Leaving out the pictures, output each record exactly as it stands.

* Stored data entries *
★ ★ ★ ★
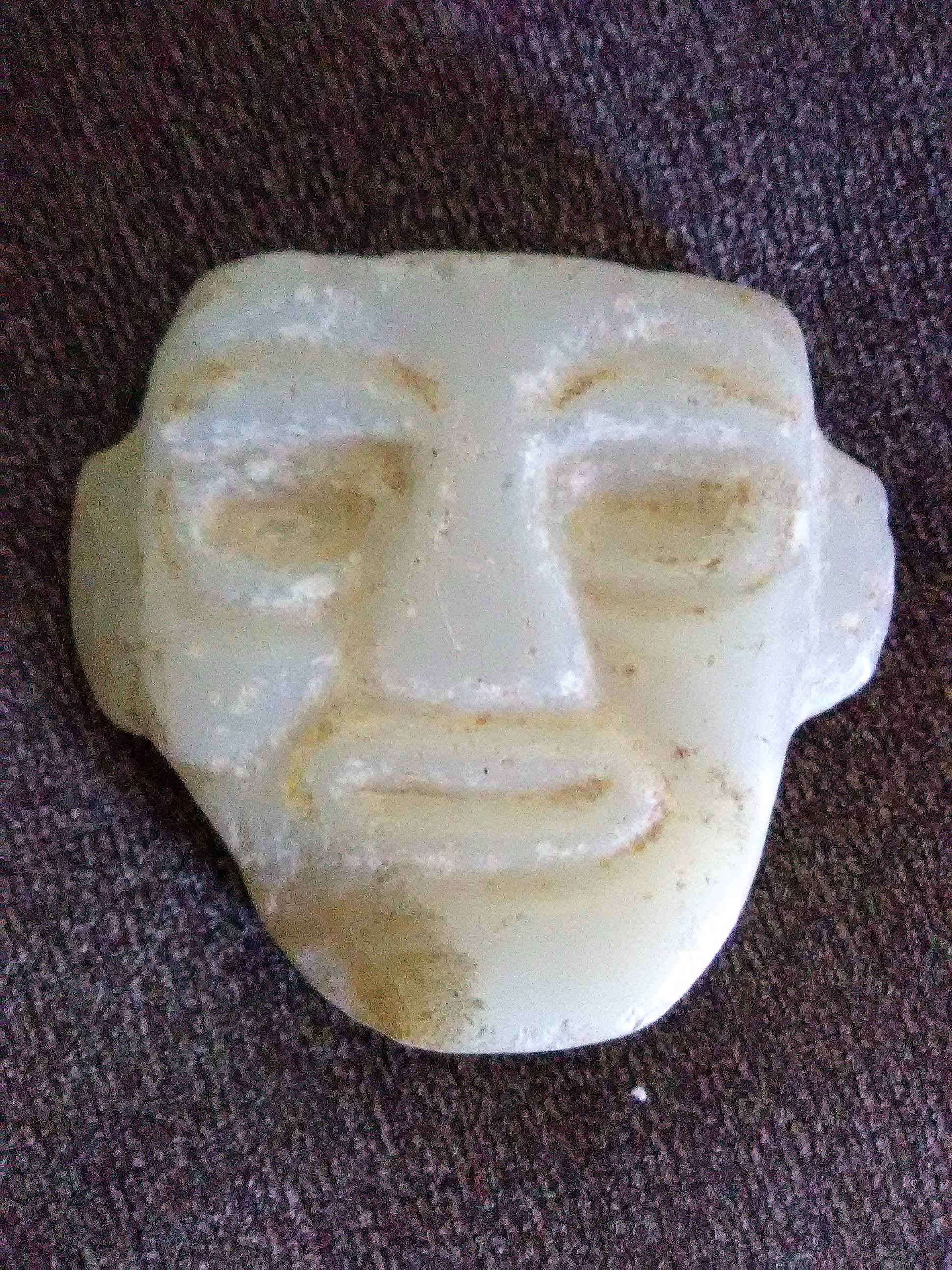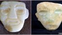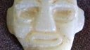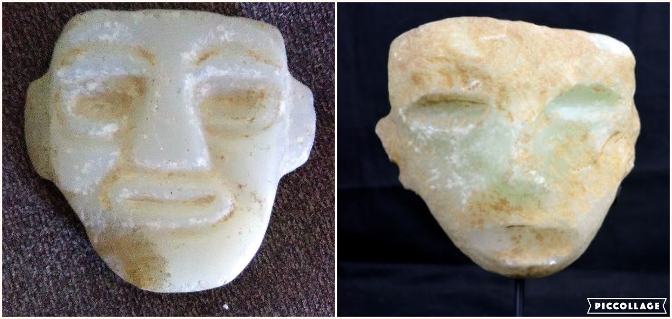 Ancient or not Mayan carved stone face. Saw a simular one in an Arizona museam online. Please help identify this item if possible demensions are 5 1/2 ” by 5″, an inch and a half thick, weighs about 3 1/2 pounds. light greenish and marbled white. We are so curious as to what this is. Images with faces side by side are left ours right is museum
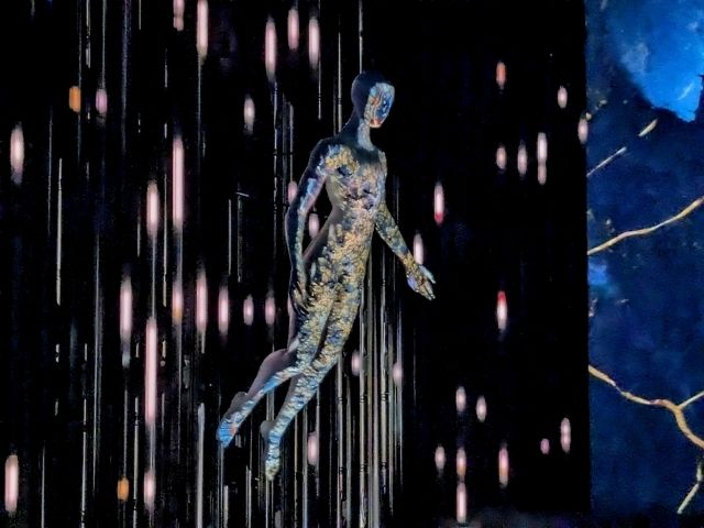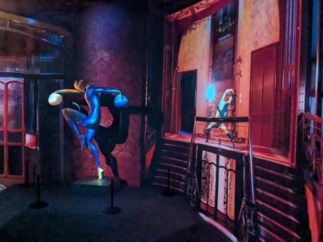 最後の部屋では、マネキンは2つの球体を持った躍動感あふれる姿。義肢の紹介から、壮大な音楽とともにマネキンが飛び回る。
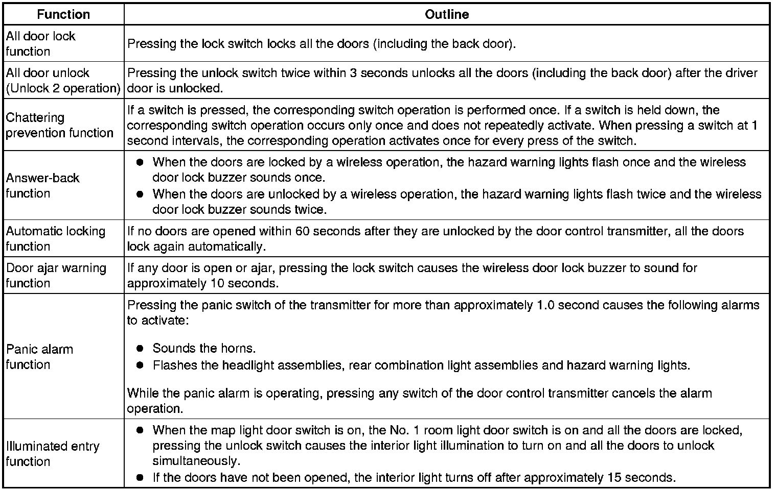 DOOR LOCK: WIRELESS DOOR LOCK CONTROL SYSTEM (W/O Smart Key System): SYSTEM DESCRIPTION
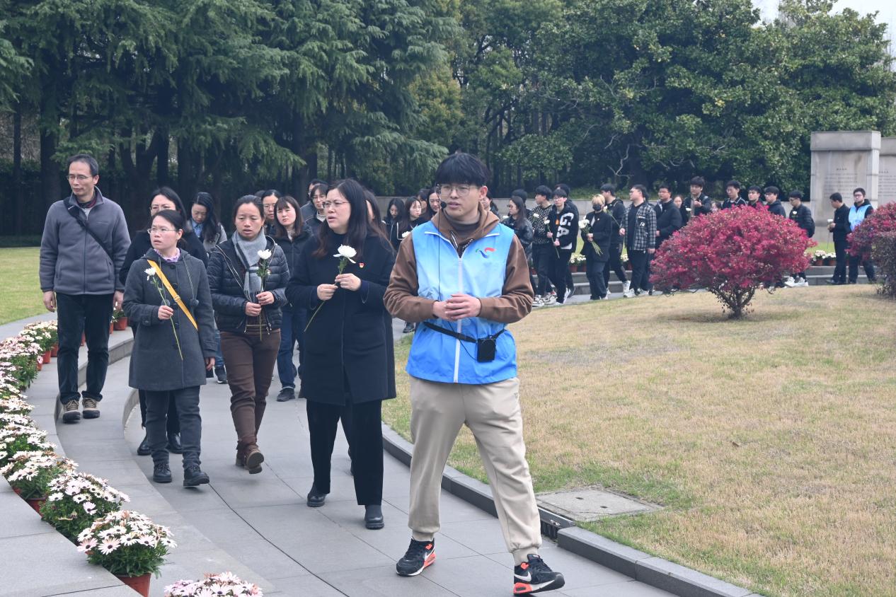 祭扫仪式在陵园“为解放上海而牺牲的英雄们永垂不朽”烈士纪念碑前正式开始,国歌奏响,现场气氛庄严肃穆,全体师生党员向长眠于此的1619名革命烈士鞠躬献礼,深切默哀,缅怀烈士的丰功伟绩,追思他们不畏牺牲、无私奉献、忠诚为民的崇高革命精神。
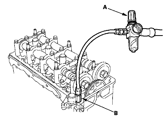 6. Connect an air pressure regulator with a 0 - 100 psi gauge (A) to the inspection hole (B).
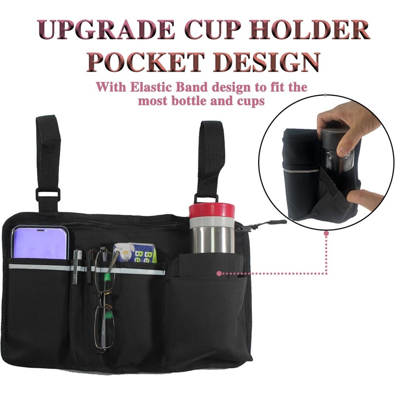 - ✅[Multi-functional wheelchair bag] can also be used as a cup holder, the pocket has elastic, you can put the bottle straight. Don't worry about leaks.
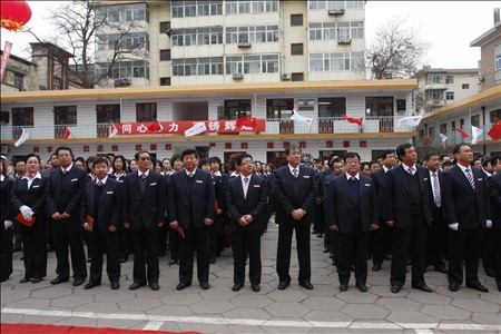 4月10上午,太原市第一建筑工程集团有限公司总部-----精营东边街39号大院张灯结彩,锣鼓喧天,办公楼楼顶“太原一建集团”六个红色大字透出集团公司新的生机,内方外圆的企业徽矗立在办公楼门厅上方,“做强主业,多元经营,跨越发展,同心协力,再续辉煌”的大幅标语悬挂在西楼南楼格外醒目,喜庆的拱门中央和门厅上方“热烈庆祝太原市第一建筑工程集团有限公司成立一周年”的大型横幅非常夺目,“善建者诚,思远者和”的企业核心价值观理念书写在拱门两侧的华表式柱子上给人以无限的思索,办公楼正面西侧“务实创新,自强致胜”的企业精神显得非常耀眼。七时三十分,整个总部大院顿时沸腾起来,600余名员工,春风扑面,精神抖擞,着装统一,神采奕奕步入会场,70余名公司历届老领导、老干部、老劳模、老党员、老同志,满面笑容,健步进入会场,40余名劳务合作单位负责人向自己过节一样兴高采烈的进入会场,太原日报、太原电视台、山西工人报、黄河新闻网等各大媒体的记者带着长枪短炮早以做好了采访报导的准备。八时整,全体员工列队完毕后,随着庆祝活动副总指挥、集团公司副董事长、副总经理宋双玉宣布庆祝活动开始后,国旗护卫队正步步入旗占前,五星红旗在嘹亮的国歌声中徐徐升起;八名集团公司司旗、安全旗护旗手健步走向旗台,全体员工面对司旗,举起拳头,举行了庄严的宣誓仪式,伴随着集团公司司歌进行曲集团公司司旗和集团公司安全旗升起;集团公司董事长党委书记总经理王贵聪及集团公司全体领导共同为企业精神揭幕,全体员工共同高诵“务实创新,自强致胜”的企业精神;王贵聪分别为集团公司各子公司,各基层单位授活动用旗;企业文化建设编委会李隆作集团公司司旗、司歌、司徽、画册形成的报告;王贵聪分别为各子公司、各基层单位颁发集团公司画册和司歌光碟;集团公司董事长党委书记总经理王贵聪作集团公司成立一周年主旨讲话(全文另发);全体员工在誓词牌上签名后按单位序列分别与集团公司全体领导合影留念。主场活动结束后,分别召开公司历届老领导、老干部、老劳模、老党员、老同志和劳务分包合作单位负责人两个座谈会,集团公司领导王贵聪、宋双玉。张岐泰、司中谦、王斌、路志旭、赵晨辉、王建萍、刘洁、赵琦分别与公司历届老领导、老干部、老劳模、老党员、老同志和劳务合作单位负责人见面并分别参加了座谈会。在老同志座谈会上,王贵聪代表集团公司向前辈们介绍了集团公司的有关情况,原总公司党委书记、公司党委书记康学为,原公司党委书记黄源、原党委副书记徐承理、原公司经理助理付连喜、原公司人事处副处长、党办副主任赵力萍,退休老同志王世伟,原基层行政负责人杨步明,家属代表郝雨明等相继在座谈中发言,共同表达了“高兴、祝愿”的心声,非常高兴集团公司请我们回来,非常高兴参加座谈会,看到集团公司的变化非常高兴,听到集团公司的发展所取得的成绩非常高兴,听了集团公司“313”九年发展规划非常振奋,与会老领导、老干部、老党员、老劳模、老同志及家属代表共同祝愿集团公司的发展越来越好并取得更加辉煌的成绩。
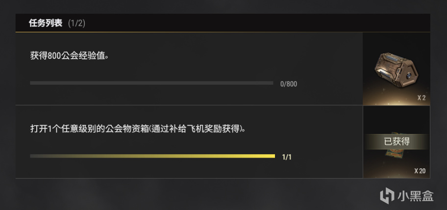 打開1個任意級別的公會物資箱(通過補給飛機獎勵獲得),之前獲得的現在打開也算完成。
★ ★ ★ ★
* Answer space *
 Ancient or not Mayan carved stone face. Saw a simular one in an Arizona museam online. Please help identify this item if possible demensions are 5 1/2 ” by 5″, an inch and a half thick, weighs about 3 1/2 pounds. light greenish and marbled white. We are so curious as to what this is. Images with faces side by side are left ours right is museum
 最後の部屋では、マネキンは2つの球体を持った躍動感あふれる姿。義肢の紹介から、壮大な音楽とともにマネキンが飛び回る。
 DOOR LOCK: WIRELESS DOOR LOCK CONTROL SYSTEM (W/O Smart Key System): SYSTEM DESCRIPTION
 祭扫仪式在陵园“为解放上海而牺牲的英雄们永垂不朽”烈士纪念碑前正式开始,国歌奏响,现场气氛庄严肃穆,全体师生党员向长眠于此的1619名革命烈士鞠躬献礼,深切默哀,缅怀烈士的丰功伟绩,追思他们不畏牺牲、无私奉献、忠诚为民的崇高革命精神。
 6. Connect an air pressure regulator with a 0 - 100 psi gauge (A) to the inspection hole (B).
 - ✅[Multi-functional wheelchair bag] can also be used as a cup holder, the pocket has elastic, you can put the bottle straight. Don't worry about leaks.
 4月10上午,太原市第一建筑工程集团有限公司总部-----精营东边街39号大院张灯结彩,锣鼓喧天,办公楼楼顶“太原一建集团”六个红色大字透出集团公司新的生机,内方外圆的企业徽矗立在办公楼门厅上方,“做强主业,多元经营,跨越发展,同心协力,再续辉煌”的大幅标语悬挂在西楼南楼格外醒目,喜庆的拱门中央和门厅上方“热烈庆祝太原市第一建筑工程集团有限公司成立一周年”的大型横幅非常夺目,“善建者诚,思远者和”的企业核心价值观理念书写在拱门两侧的华表式柱子上给人以无限的思索,办公楼正面西侧“务实创新,自强致胜”的企业精神显得非常耀眼。七时三十分,整个总部大院顿时沸腾起来,600余名员工,春风扑面,精神抖擞,着装统一,神采奕奕步入会场,70余名公司历届老领导、老干部、老劳模、老党员、老同志,满面笑容,健步进入会场,40余名劳务合作单位负责人向自己过节一样兴高采烈的进入会场,太原日报、太原电视台、山西工人报、黄河新闻网等各大媒体的记者带着长枪短炮早以做好了采访报导的准备。八时整,全体员工列队完毕后,随着庆祝活动副总指挥、集团公司副董事长、副总经理宋双玉宣布庆祝活动开始后,国旗护卫队正步步入旗占前,五星红旗在嘹亮的国歌声中徐徐升起;八名集团公司司旗、安全旗护旗手健步走向旗台,全体员工面对司旗,举起拳头,举行了庄严的宣誓仪式,伴随着集团公司司歌进行曲集团公司司旗和集团公司安全旗升起;集团公司董事长党委书记总经理王贵聪及集团公司全体领导共同为企业精神揭幕,全体员工共同高诵“务实创新,自强致胜”的企业精神;王贵聪分别为集团公司各子公司,各基层单位授活动用旗;企业文化建设编委会李隆作集团公司司旗、司歌、司徽、画册形成的报告;王贵聪分别为各子公司、各基层单位颁发集团公司画册和司歌光碟;集团公司董事长党委书记总经理王贵聪作集团公司成立一周年主旨讲话(全文另发);全体员工在誓词牌上签名后按单位序列分别与集团公司全体领导合影留念。主场活动结束后,分别召开公司历届老领导、老干部、老劳模、老党员、老同志和劳务分包合作单位负责人两个座谈会,集团公司领导王贵聪、宋双玉。张岐泰、司中谦、王斌、路志旭、赵晨辉、王建萍、刘洁、赵琦分别与公司历届老领导、老干部、老劳模、老党员、老同志和劳务合作单位负责人见面并分别参加了座谈会。在老同志座谈会上,王贵聪代表集团公司向前辈们介绍了集团公司的有关情况,原总公司党委书记、公司党委书记康学为,原公司党委书记黄源、原党委副书记徐承理、原公司经理助理付连喜、原公司人事处副处长、党办副主任赵力萍,退休老同志王世伟,原基层行政负责人杨步明,家属代表郝雨明等相继在座谈中发言,共同表达了“高兴、祝愿”的心声,非常高兴集团公司请我们回来,非常高兴参加座谈会,看到集团公司的变化非常高兴,听到集团公司的发展所取得的成绩非常高兴,听了集团公司“313”九年发展规划非常振奋,与会老领导、老干部、老党员、老劳模、老同志及家属代表共同祝愿集团公司的发展越来越好并取得更加辉煌的成绩。
 打開1個任意級別的公會物資箱(通過補給飛機獎勵獲得),之前獲得的現在打開也算完成。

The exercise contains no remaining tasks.